Within each account block, the relevant authentication type and details must also be provided. Currently, password-based auth of Snowflake's authentication options is supported. Set the authenticator key to 'SNOWFLAKE' and add username and password key-values representing the account Backstage will connect with.
Roles
Users in Snowflake can have multiple roles but the default role for the user will be the one used during all queries to Snowflake. This can be overridden by adding the optional role key to the config underneath the relevant account. Note that the role selection will affect which tables are ingested. Tables with a higher level role in the role hierarchy than the one used in the connection won't appear.
Using the example config above, the role is specifically set to PUBLIC
. This would mean any tables visible only to ACCOUNTADMINs
would not be ingested into the Registry.
Naming
The naming structure for Datasets created from Snowflake is as follows: [database].[schema].[table_name]
.
Tags & Labels
Snowflake Tags are pieces of metadata that can be added to
various resources. Since these are key-value pairs in the source system, the Snowflake connector for Registry will convert them to
labels (which are a key-value pair mapping)
within the Software Catalog. Tags that can't be converted into Catalog labels (because they're too long, contain invalid UTF-8 characters,
etc) will be omitted from the Dataset and emit a WARN
log.
The snowflake connector will parse the tags looking for ones where the key value is OWNER
or LIFECYCLE
in order to populate those
values onto the dataset. If an OWNER
key is not found within the tags, it will use the ownership metadata
(which is usually the principal role on the table).
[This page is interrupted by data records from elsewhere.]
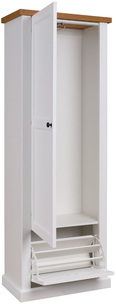 Η γκαρτναρόμπα Sveri είναι μία επιλογή που θα ανανεώσει οπτικά και πρακτικά τον χώρο υποδοχής του σπιτιού σας. Ο country σχεδιασμός της σε συνδιασμό με τους πολλαπλούς χώρους αποθήκευσης το καθιστούν ένα ιδανικό προϊόν για εσάς. Αποτελείται από 1 ευρύχωρο συρτάρι για την αποθήκευση των υποδημάτων σας και 1 ντουλάπι που διαθέτει ράγα για κρέμασμα και ανοικτό ράφι για την αποθήκευση ενδυμάτων και λοιπών αντικειμένων. Συνδιάστε την με τα υπόλοιπα προϊόντα της σειράς Sveri και δημιουργήστε ένα υπέροχο χώρο υποδοχής για εσάς και τους καλεσμένους σας.
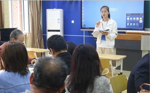 其中郅雪靜老師的生物課《在實驗室里觀察植物》令許多參會教師印象深刻。郅老師通過使用希沃易課堂的互動功能,讓學生們體會“要謹慎對待常識,用科學的依據來作判斷”的道理。郅老師在課后與參會教師們分享她的個人體會:“學生們是互聯網的原住民,信息化素養是很高的,可以在第一節課就熟練使用平板上課,反過來,這也激發了學生的‘課堂生成性’。”
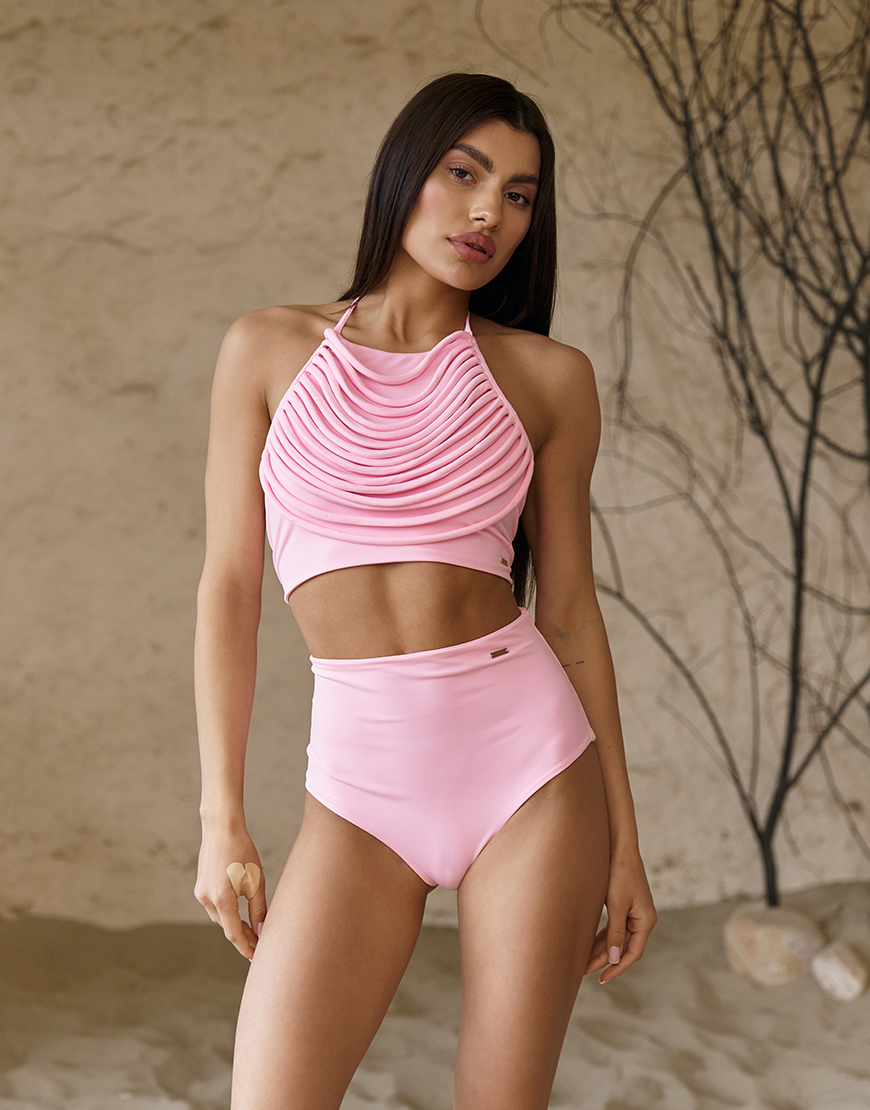 Топ Riviera — без кісточок, зі стильним драпіруванням, що забезпечує комфорт та підкреслює природні форми. Виконаний на зав’язках, легко регулюється під індивідуальні параметри, забезпечуючи ідеальну посадку. Універсальний розмір та лаконічний дизайн роблять цю модель базовим і водночас ефектним елементом літнього гардероба.
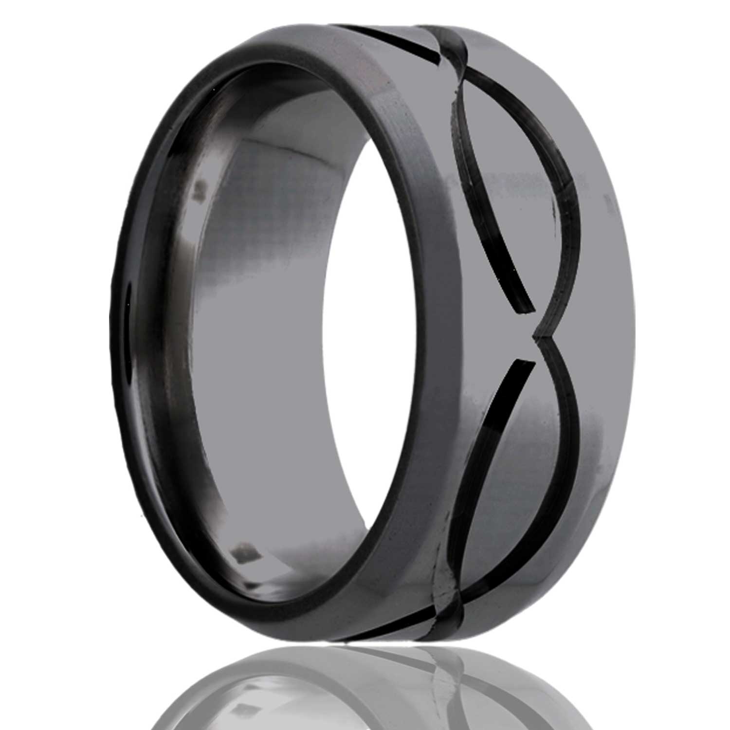 Beveled edge Zirconium ring with a milled pattern. Select width and size then add to cart.

Finally, it will use the values populated within the entityDefaults
section of the config as a fallback option for both owner and lifecycle.
Warehouses
Snowflake Warehouses are required for certain queries to be run. While the basic ingestion of tables doesn't rely on any such queries, ingesting the tags on each table does. For this step, the default warehouse of the user associated with the account in the config will be used. To override this selection, add the optional warehouse key-value pair to the relevant account. Reference the screen shot above in roles to see where to configure this.
Since warehouses are also scoped to roles, it's important to ensure the warehouse used in the connection (be it the user's default or defined via the config) can be accessed by the role used in the connection. Also note that the warehouse must be running (or have auto-resume enabled) in order for tag ingestion to occur.
Redshift
Configuration
A source in the Redshift integration requires an accountId and a list of regions. Each region must be enabled for the associated account. The connector will search each region under the associated account and ingest every table's metadata.
Authentication
The Redshift integration uses the @backstage/integration-aws-node
package to create a credential provider which is then passed into
the AWS client SDKs. Since it is handled by a separate plugin, the set up for the authentication for it is found under the App
config as seen below:
Every accountID included in the data registry config must have an associated auth config like above.
Naming
The naming structure for Datasets created from Redshift is as follows: [accountId].[region].[cluster].[database].[schema].[table]
.
Tags & Labels
Tags for redshift resources are not currently supported for the Redshift connector since they cannot be applied to resources at the database granularity or below.